* Task to carry out
Among the entries below, only the lines from the one with "變形十字裝飾品 No.1, 灰×銀, 珠飾刺繡×緞面, 獨一無二・個性・聖誕節適用" through the one with "- Calzini con" are to be retyped, exactly and without pictures.

* Information provided

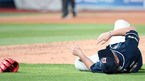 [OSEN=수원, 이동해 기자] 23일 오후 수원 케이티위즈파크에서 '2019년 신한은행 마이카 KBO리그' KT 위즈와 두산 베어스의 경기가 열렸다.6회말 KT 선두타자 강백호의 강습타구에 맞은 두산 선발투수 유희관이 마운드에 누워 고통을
--
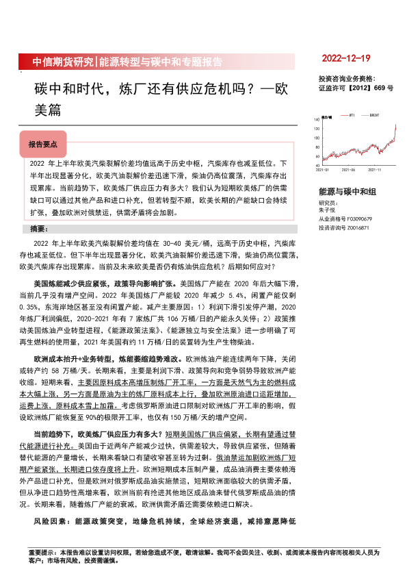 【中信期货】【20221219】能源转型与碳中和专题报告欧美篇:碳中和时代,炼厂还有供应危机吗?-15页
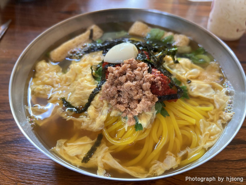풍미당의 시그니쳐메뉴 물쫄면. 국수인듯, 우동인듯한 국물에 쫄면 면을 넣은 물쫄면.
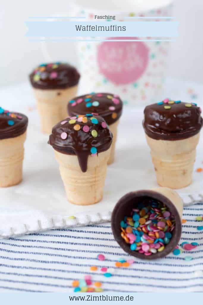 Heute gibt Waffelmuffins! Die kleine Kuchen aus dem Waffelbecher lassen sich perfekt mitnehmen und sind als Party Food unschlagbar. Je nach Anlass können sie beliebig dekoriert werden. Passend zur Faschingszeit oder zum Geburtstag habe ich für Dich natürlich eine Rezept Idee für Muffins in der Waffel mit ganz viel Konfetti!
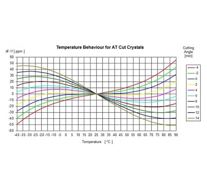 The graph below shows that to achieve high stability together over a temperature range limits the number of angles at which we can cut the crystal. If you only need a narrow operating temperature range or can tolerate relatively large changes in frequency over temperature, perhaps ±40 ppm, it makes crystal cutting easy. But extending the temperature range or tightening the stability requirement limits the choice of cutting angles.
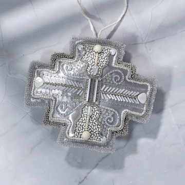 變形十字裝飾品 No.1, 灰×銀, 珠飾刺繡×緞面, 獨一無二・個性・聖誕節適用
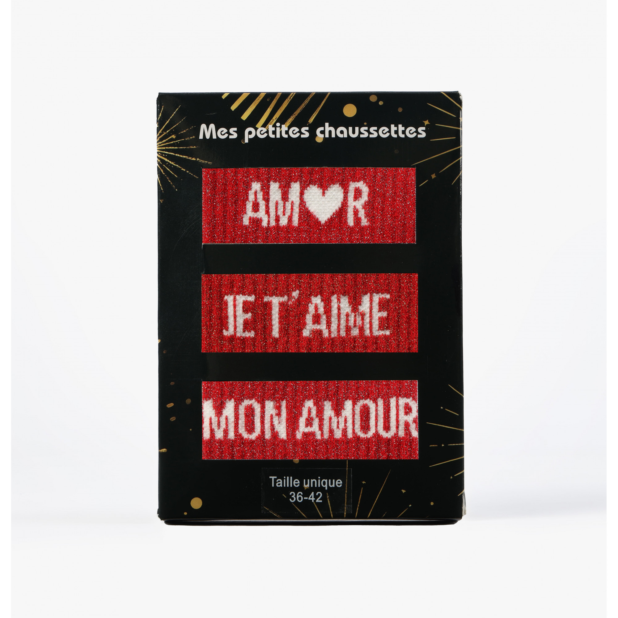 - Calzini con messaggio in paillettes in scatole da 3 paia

* Exercise answer
 變形十字裝飾品 No.1, 灰×銀, 珠飾刺繡×緞面, 獨一無二・個性・聖誕節適用
 - Calzini con messaggio in paillettes in scatole da 3 paia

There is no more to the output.